If you know someone who doesn’t have access to tech or the internet, now of all times, it’s totally OK for them to ask their community for help. There are local people organised and ready to support them. If you’re a remote carer, ring a grocer near where your elder lives. Chances are someone there will be plugged into the local volunteering network and able to help your loved one.
There are phone lines available for the very isolated, but I’d hope we can mobilise to visit people face to face.
Age UK 0800 678 1602 (free) 8am - 7pm every day for older people, their carers, families and professionals Silverline 0800 4 70 80 90 (free) open 24hrs a day for anyone over 55yrs old who needs friendship, help or advice
Other useful info in this blog
- Make sure you have an emergency plan in case you’re off your feet and have to pause caring duties for a spell
- Be prepared should you need to admit your elder into hospital but follow the guidance given by 111 or the paramedics on the day
- Get acquainted with local older adult social services for when we emerge from the crisis
- These stress reducing tips might help you if you’re already overwhelmed
- This blog’s contents list is here, in case you want to explore LPA’s, practical, time and budget saving tips while you’re isolating.
Look after yourself too
Last but not least, you. A luxury face mask (of the cosmetic variety) is great, but equally helpful:
- stay as active as possible and get outside once a day if you’re able, at least open a window if it’s mild.

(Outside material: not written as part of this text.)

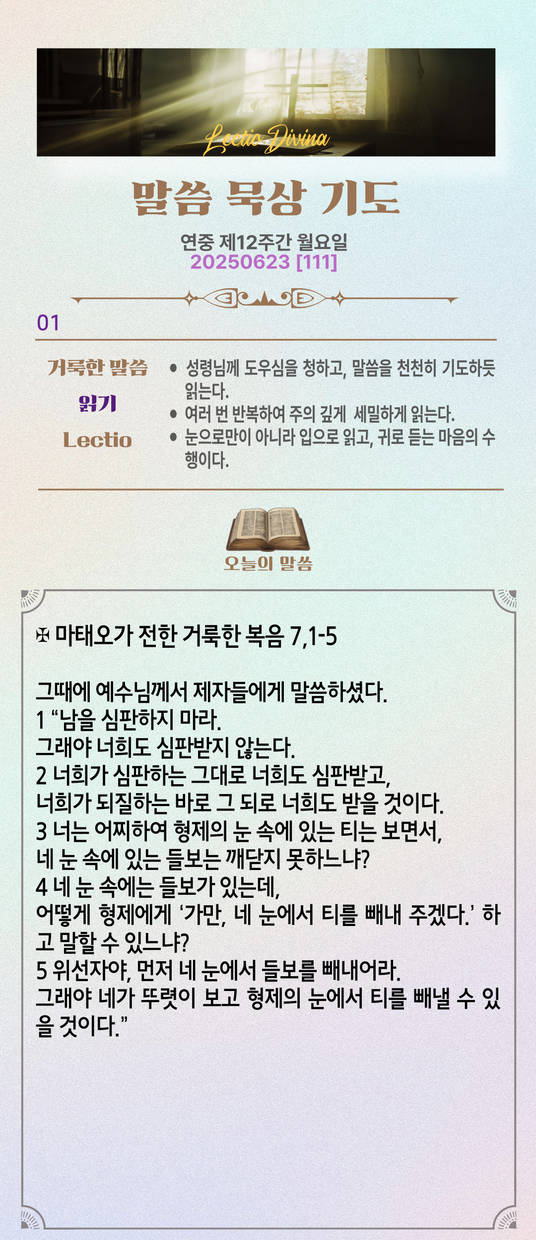 말씀묵상기도 LECTIO DIVINA [111] 20250623 연중 제12주간 월요일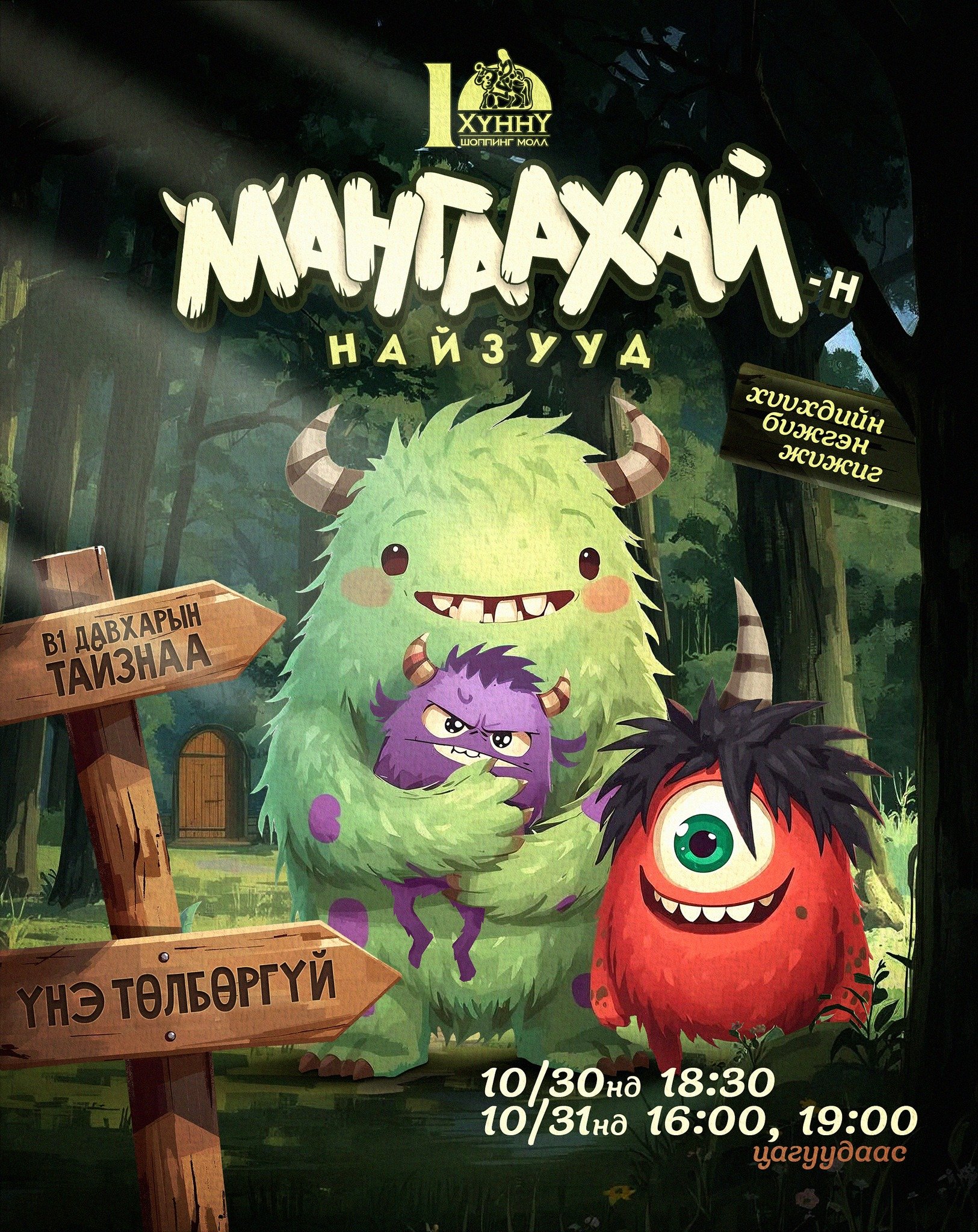 Аз жаргалын өргөө "ХҮННҮ ШОППИНГ МОЛЛ"-н зүгээс "Halloween" аймшгийн баярыг тохиолдуулан хүүхэд багачууддаа адал явдалт "МАНГААХАЙ НАЙЗУУД " бүжгэн жүжгээ В1 давхрын тайзнаа 10 сарын 31-ний өдрүүдэд үнэ төлбөргүй толилууллаа.

- do that dull task you’ve been meaning to do (strangely calming).
- regularly connect with others over the phone or by video (see above).
- try activities like reading, jigsaws, art, listening to music, knitting (lots of YouTube tutorials nowadays).
- give and receive hand, neck and foot massages, hair brushing, smelling flowers.
- do a reminiscence activity together by building a life story.